Inserting the lifetime.begin marker is the easy part; on the other hand, inserting the lifetime.end gets a bit more complicated, as it involves scoping , exception handling and lifetime extension.
Ideally, the lifetime.end marker should be inserted when the scope is exited, after the cleanups have been run. The problem is that in some cases, an object with a trivial destructor for example, there is … no cleanup. The existence of cleanups appears in the AST with the ExpWithCleanups, which wraps the underlying MaterializeTemporaryExpr.
This is used in CodeGenFunction::EmitLValue to start a new RunCleanupsScope when visiting an ExpWithCleanups. My problem is how can I add a RunCleanupScope for MaterializeTemporaryExpr that are not part of an ExpWithCleanups. I can not always add a new scope, because it would mess-up the cleanup ordering — when there are cleanups, the lifetime.end marker should be emitted after the destructor.
Is there anything obvious I am missing ?
Any hints would be welcome.
Can’t this affect debugging as well?
I mean, if you run this on O1 or less, you’ll have a lot more variables optimised away, especially at the end of the function, and at higher optimisation levels you’ll have a lot less variables to care about.
This would apply to unnamed temporaries, which presumably have no debug
info and can't be examined in a debugger.
As to his actual question, I have no idea. Lifetime of C++ temporaries is
subtle. I always have to defer to Richard and John. The static analysis
guys are having a similar pile of trouble figuring out where to insert
calls to C++ destructors in the CFG.
I am clearly not a specialist for debug info. It will certainly put some pressure on the debug info generator at opt level >= 01, as the stack slots will be reused, so it needs to place the info at the right place / right time.
You have less live variables, at any given point in the function, but this assumes you have handled the dead variables correctly…
By the way, my patch indeed also affected some debuginfo (some breakpoint location if I remember correctly). I have switched temporarily to something else, but this patch proved to be extremely complex — complexity linked to what you can find in the thread about temporary destructors. There is something going wrong in how the scopes are handled and my patch triggers it. I am probably breaking some undocumented or implicit assumptions. But there is definitely a lot of potential to reduce stack usage, and we saw that on real code.
In theory, you could track liveness of non-temp variables and re-use
their spaces for temps after they're dead, which would mess up with
debugging. But you're right, for everything else, it should be fine.

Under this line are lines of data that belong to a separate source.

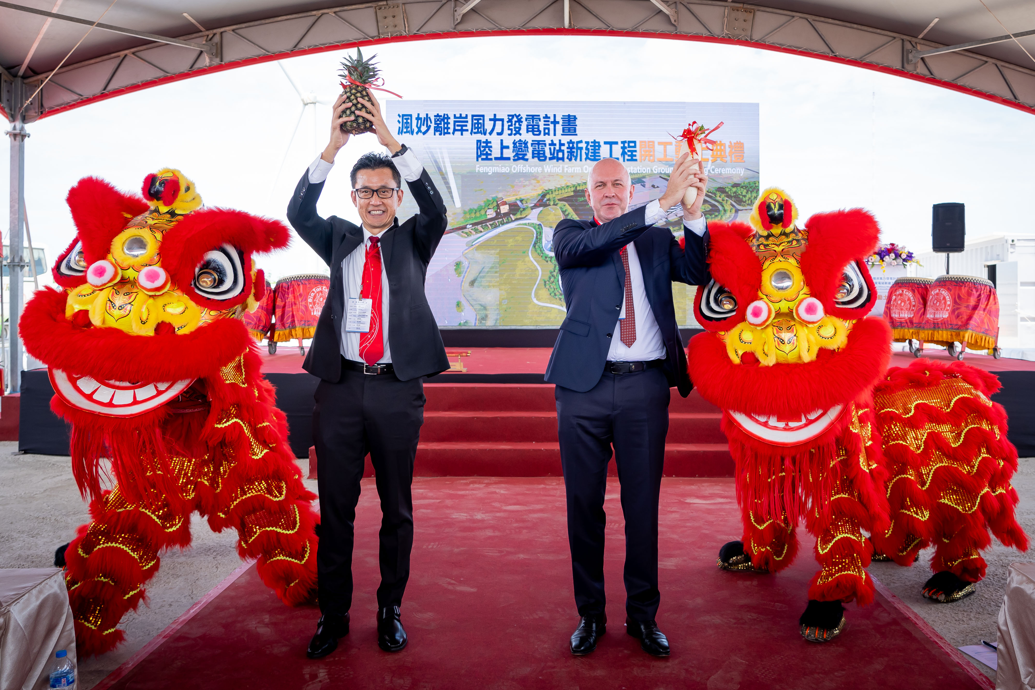 渢妙離岸風場執行長 Mark Wainwright (右)與東元電機智慧能源事業群總經理郭明倫(左)於陸上變電站新建工程開工動土典禮合影留念。圖片來源:渢妙離岸風場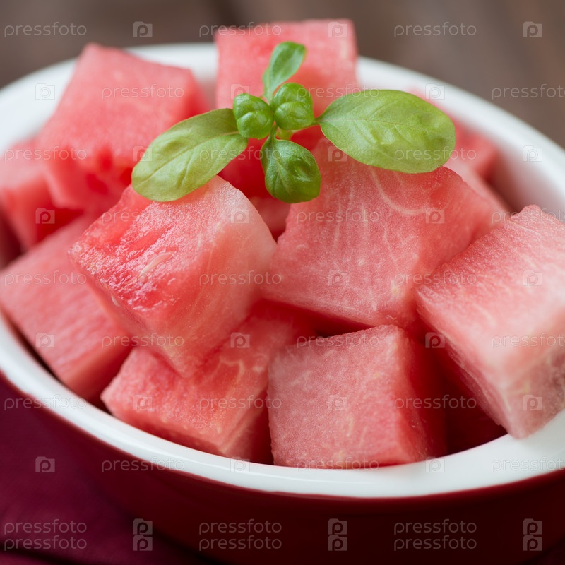 Свежий арбуз кубиками крупным планом
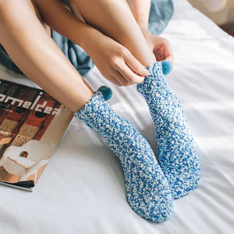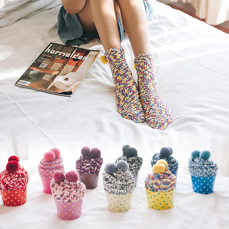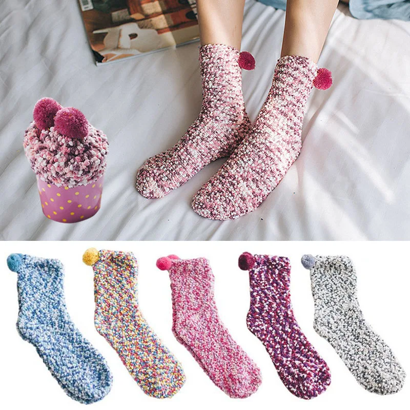 Модные женские зимние носки милый меховой шарик утепленные Мягкие плюшевые носки повседневные носки средней длины домашние носки для сна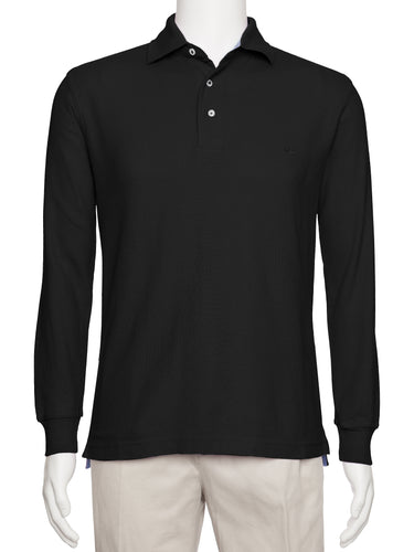 Men's Black Solid Polo Shirt Classic Fit - Pique Chambray Collar- large sizes- Long Sleeve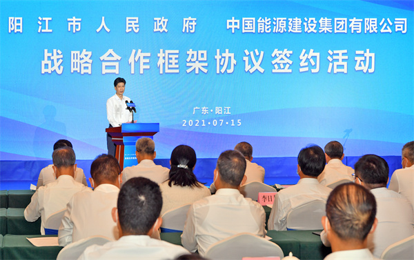 陽江市緊緊圍繞廣東省委賦予的「兩個定位」戰略要求,堅持「向海發展,工業立市」,集中精力加快打造沿海經濟帶的重要戰略支點、宜居宜業宜游的現代化濱海城市。隨着7月8日,陽江市與中國鐵建股份有限公司簽訂戰略合作框架協議,記者獲悉,7月15日,陽江市政府與中國能源建設集團有限公司簽訂戰略合作框架協議,進一步深化交流合作,陽江市與央企全方位合作按下「快進鍵」。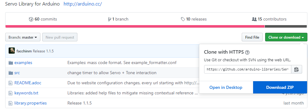 먼저 지난 포스팅의 Servo 라이브러리를 계속해서 활용해서 해보겠습니다. 라이브러리를 압축파일(Zip)로 받는 방법부터 설명을 드리면 다음과 같이,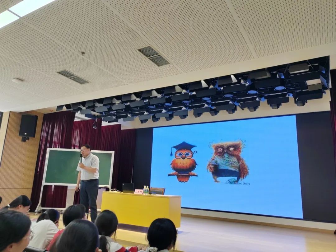 孙振坤老师以“笔墨生花,华章绽放”为主题,从一对父子的生活趣事娓娓道来。他精心设计语言情境,邀请学生登台即兴表演“宝宝爱妈妈”的生活场景,通过不同表达方式的对比演绎,让同学们直观感受文字表达的多样魅力。讲座中,孙老师从汉字字源入手,将中国传统文化与现代写作教学完美融合,既展现了汉字的文化底蕴,又揭示了表达方式的内在规律。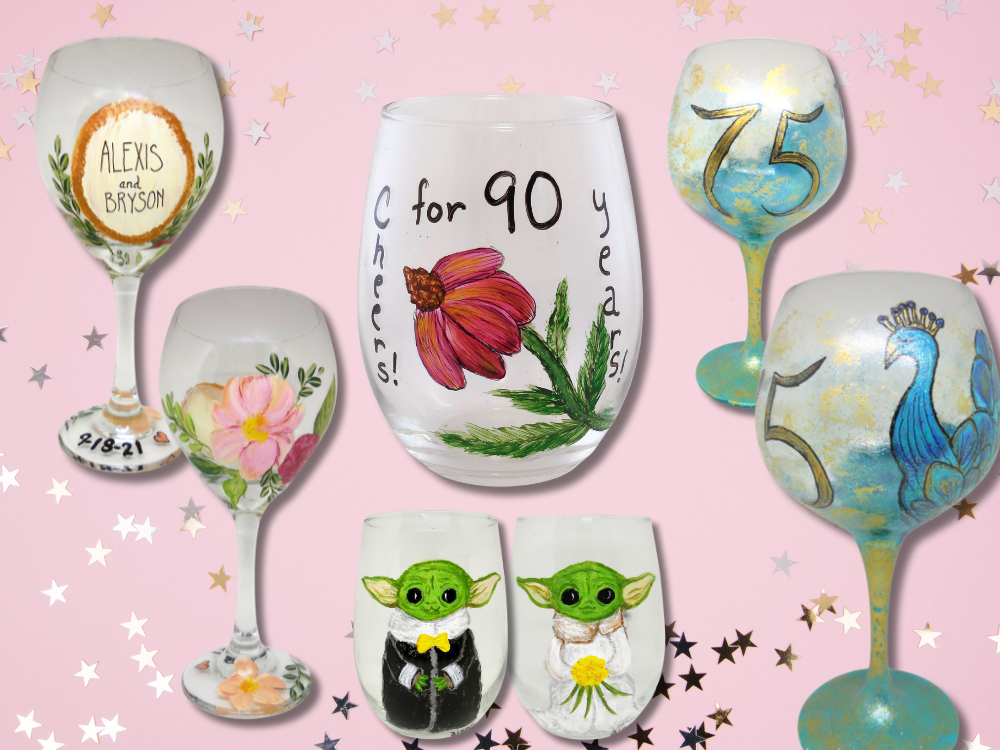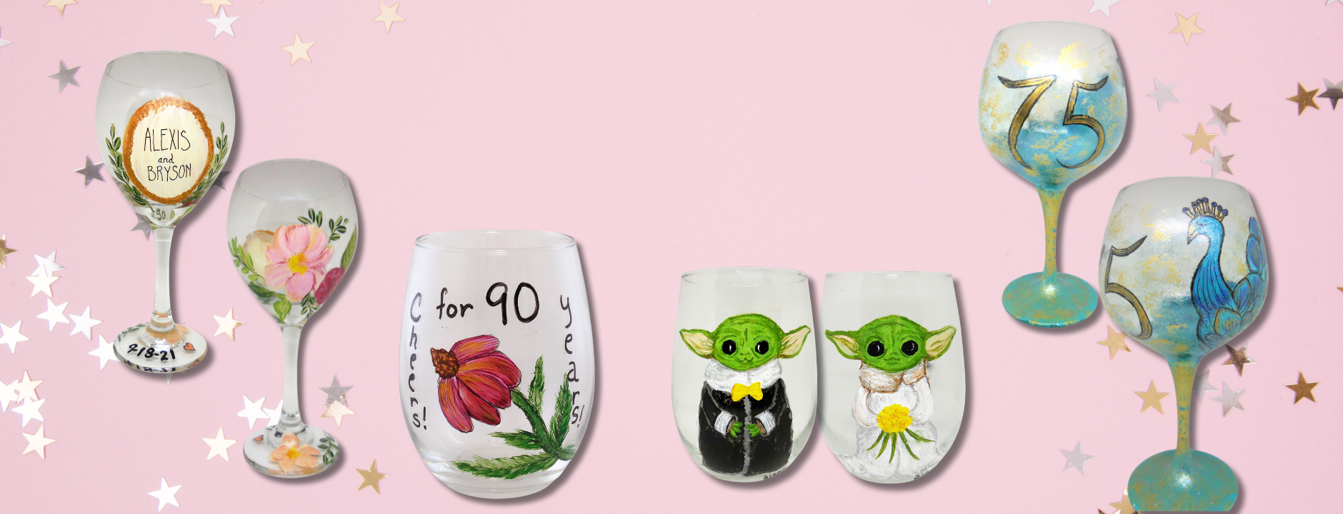 Make your special occasions truly memorable with our custom-painted pieces, tailored to reflect the unique details of your celebrations. From elegant wedding glasses designed to match your invitations, to personalized anniversary and birthday items that capture the essence of your milestone moments, each piece is crafted with attention to detail and your personal touch. Celebrate your love, achievements, and milestones with bespoke glassware and ornaments that perfectly complement your special day and create lasting memories.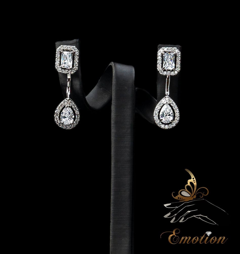 طقم مطلي ذهب أبيض عيار 18 ومُطعَّم بفصوص ألماس صناعي سويسري "زركون"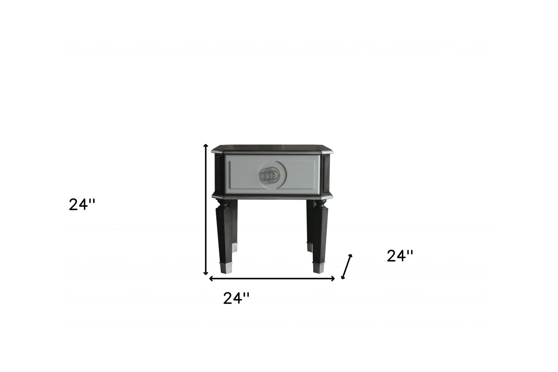 Optimize your space and add some charm to your room with the 24" charcoal & light gray manufactured wood square end table with drawer. This multi-functional end or side table is built to last from high quality manufactured wood. Includes a single easy pull out drawer for handy storage of life's little essentials. Side tables are a great way to flank your sofa, use as an accent next to your favorite chair, or can even be used bedside. This versatile table is a great accent for almost any room. 24" H x 24" W x 24" D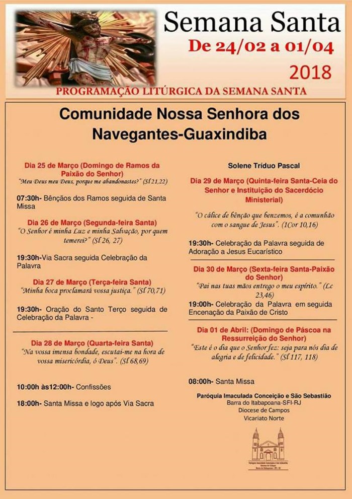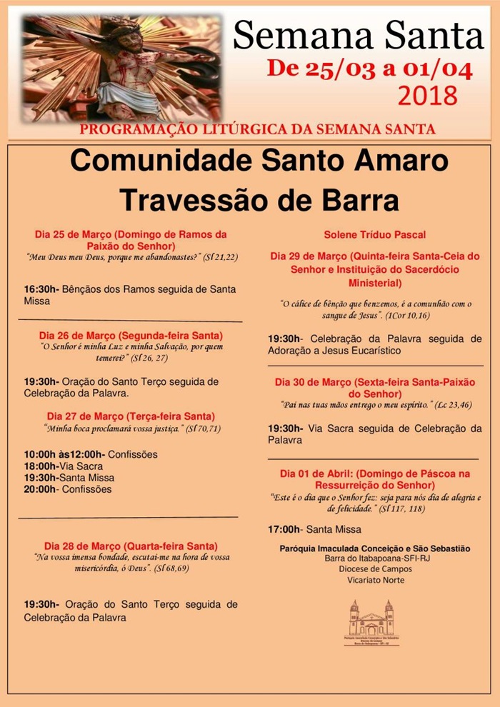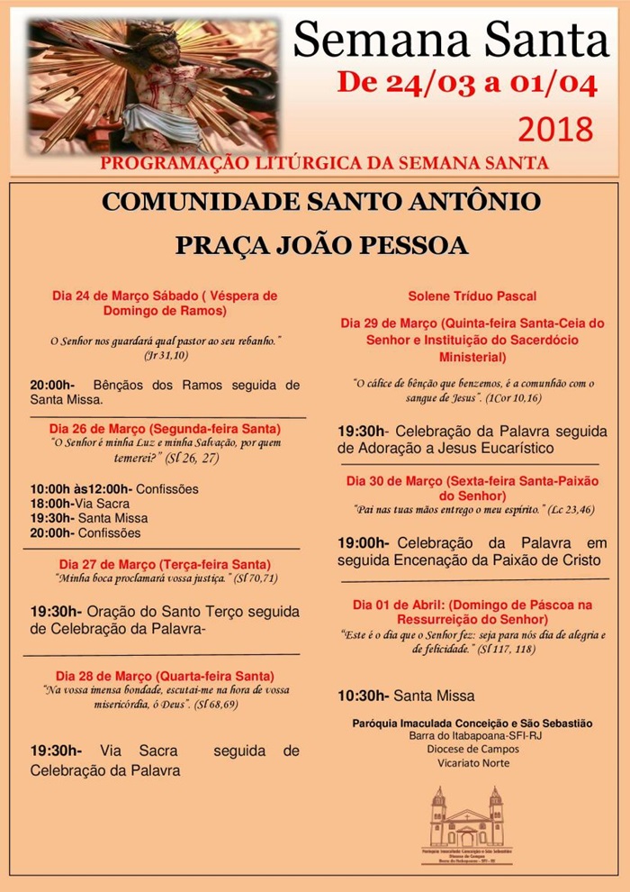 A Sexta-feira Santa, feriado nacional, dia que a crucificação de Jesus Cristo e sua morte no Calvário é lembrada pelos cristãos em todo mundo, em São Francisco de Itabapoana haverá uma vasta programação nas igrejas que compõe as Paróquias São Francisco de Paula, no Centro, e Imaculada Conceição e São Sebastião, em Barra do Itabapoana.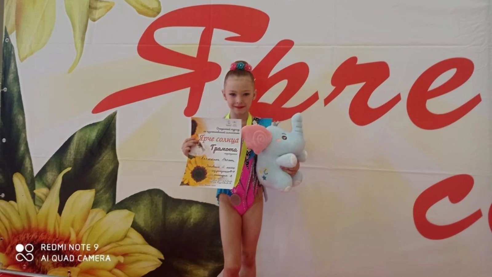 Воспитанница старшей группы детского сада "Теремок" Полина Калюшина приняла участие в Казани, где прошёл турнир по художественной гимнастике «Ярче Солнца».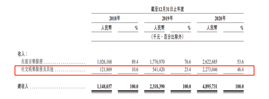 据招股书,网易云社交娱乐收入由2019年的人民币5亿元至2020年的人民币23亿元,增长率超450%;社交娱乐收入占总收入比重由2018的10%增长到2020的46.4%!网易云音乐的收入不再依赖音乐。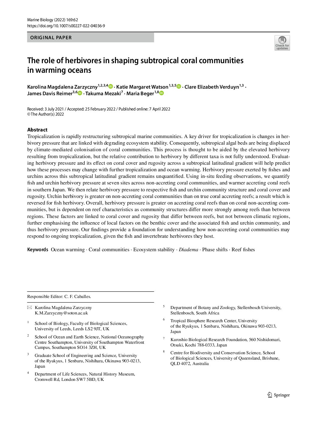 Abstract: Tropicalization is rapidly restructuring subtropical marine communities. A key driver for tropicalization is changes …
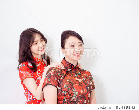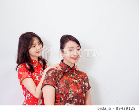 亞洲年輕的女兒幫媽媽按摩紓解壓力(在白色的背景,都穿著傳統的旗袍)

This might be a bad idea, but is it possible to start with a C-only
implementation, and move on with C++ later? At least we can get the
general implementation right, and then only fiddle with exception
handling when we need to.
I do not think this can apply to "C-only", as C has no way to express unnamed temporaries (language lawyers may contradict me here
On the other hand for C++, you can have lots of those unnamed temporaries.
A possible path, along the line of what you suggest, would be to activate lifetime markers only in the non-throwing cases (or when compiled with -fno-exceptions). The exceptional part could come later.
We could at least get some of the benefits now.
That's what I was thinking, yes.
If you label the feature as "experimental" and only turn it on with a
specific flag, it could be in an incomplete (though correct) state for
a while before being made official.
I do not think this can apply to “C-only”, as C has no way to express unnamed temporaries (language lawyers may contradict me here
Write a c function that returns a large struct by value and another with that type as a parameter and call the later with the result of the former?
struct big source(void);
void sink(struct big);
Should get you some anonymous stack usage in c that you can optimize the use of.
Yes, that’s the only case I could think of. I do not know if this would be used often though.